La seconda giornata si apre con una sorpresa positiva, ovvero Shinjuku Swan di Sion Sono, regista di cui avevo sentito parlare parecchio ma di cui non conoscevo nulla.

Un sorta di Romanzo Criminale in salsa nipponica, ma con una chiave di lettura molto ironica sorretta da una interpretazione sopra le righe, soprattutto del protagonista Tatsuhiko (Gou Ayano), uno sbandato che diventa un procacciatore di ragazze per conto di una organizzazione del giro della prostituzione (che in Giappone è ampiamente tollerata).

Mi verrebbe da definirlo un gangster movie girato con lo spirito di un anime (e del resto è tratto da un manga). Non ho sufficiente elementi per dare un giudizio sul cinema di Sono, la cui conoscenza va sicuramente approfondita, ma a un film che dura più di due ore e non fa fare uno sbadiglio bisogna riconoscere dei meriti.

 

locandina

Shinjuku Swan (2015): locandina

 

Oltre al già citato protagonista segnalo Yusuke Iseya nei panni di Mister Mako, “capitano” dell'organizzazione che prende sotto tutela il giovane Tatsuhiko, e la bellissima Yu Yamada nel ruolo della maitresse Ryoko.
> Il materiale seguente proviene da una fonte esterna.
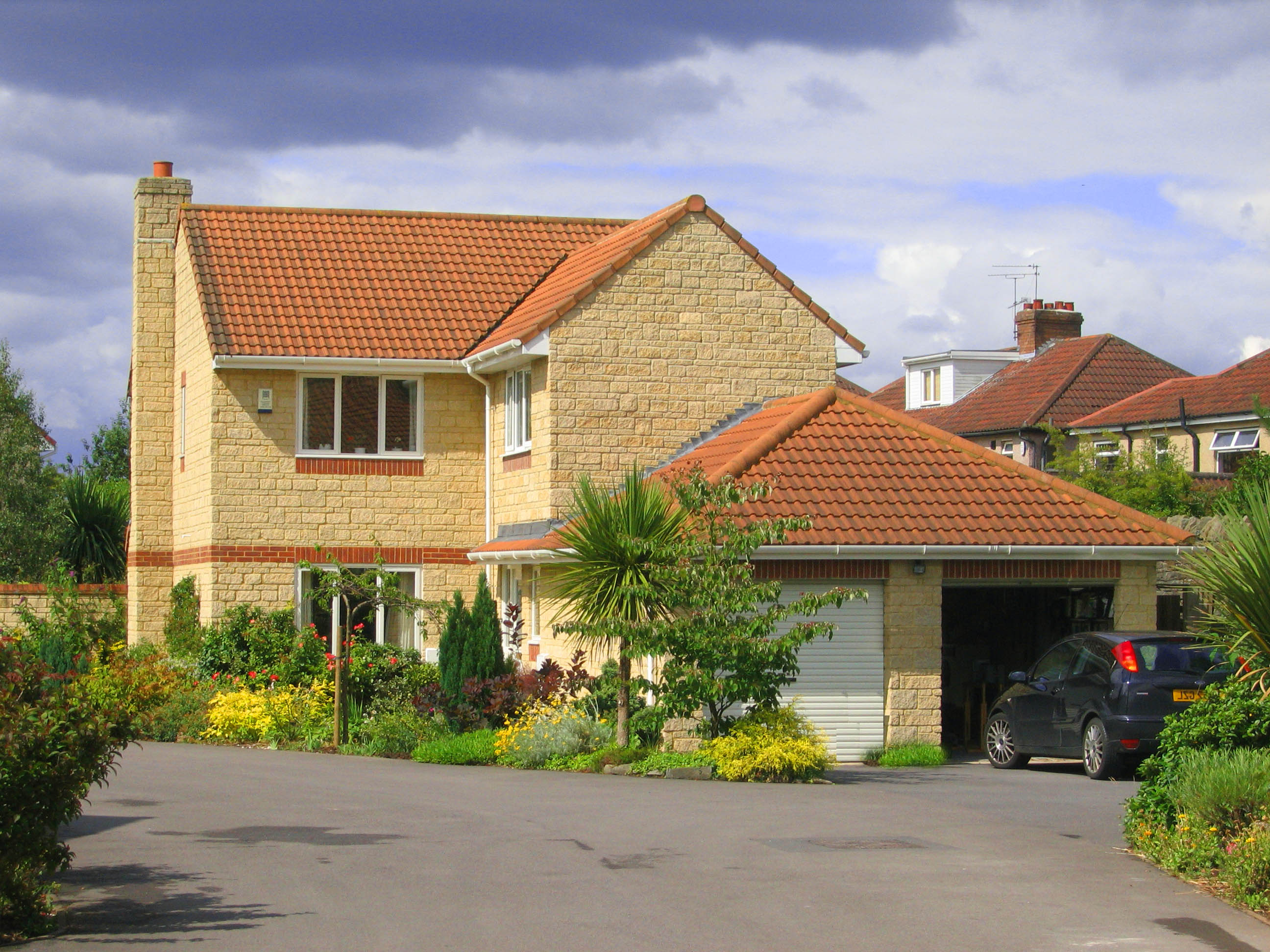 A typical home on the Glendale Grange division of Stapleton Bristol UK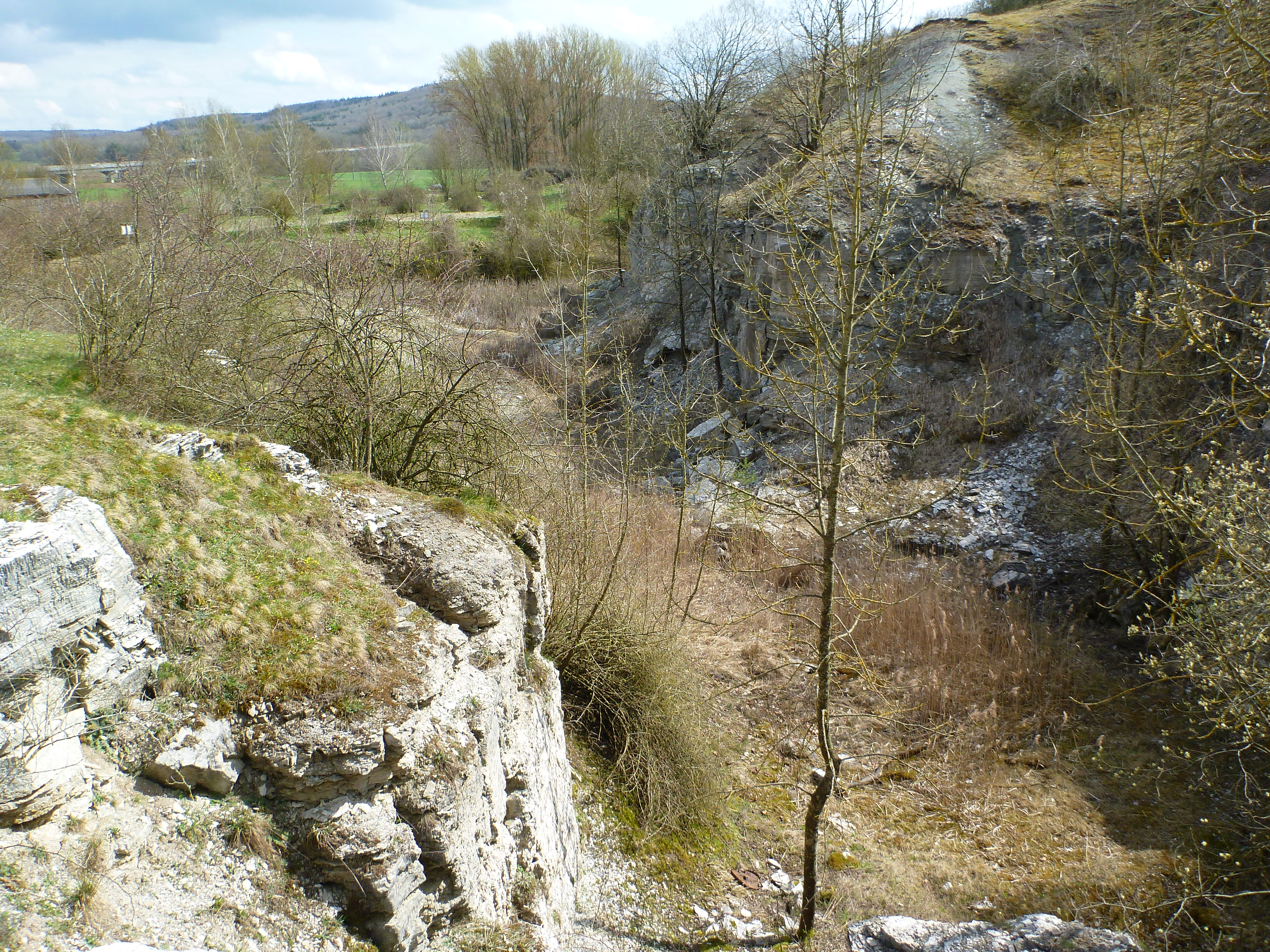 Gipsbruch Endsee

Niente male la colonna sonora tra cui spicca la alternative rock band giapponese Man With A Mission

Giudizio critico: esuberante

Voto: ****

Pomeriggio dedicato all'horror con due pellicole agli antipodi. Si comincia con Lace Crater, di Harrison Atkins.

Ora devo aprire una parentesi personale: guardo film horror da più di trent'anni, spesso vado a vederli in sala, talvolta anche contro ciò che mi consiglierebbe la logica, e non nascondo che in qualche caso mi sia venuta la tentazione di andare alla cassa per chiedere la giusta restituzione dei soldi del biglietto (comunque non l'ho mai fatto).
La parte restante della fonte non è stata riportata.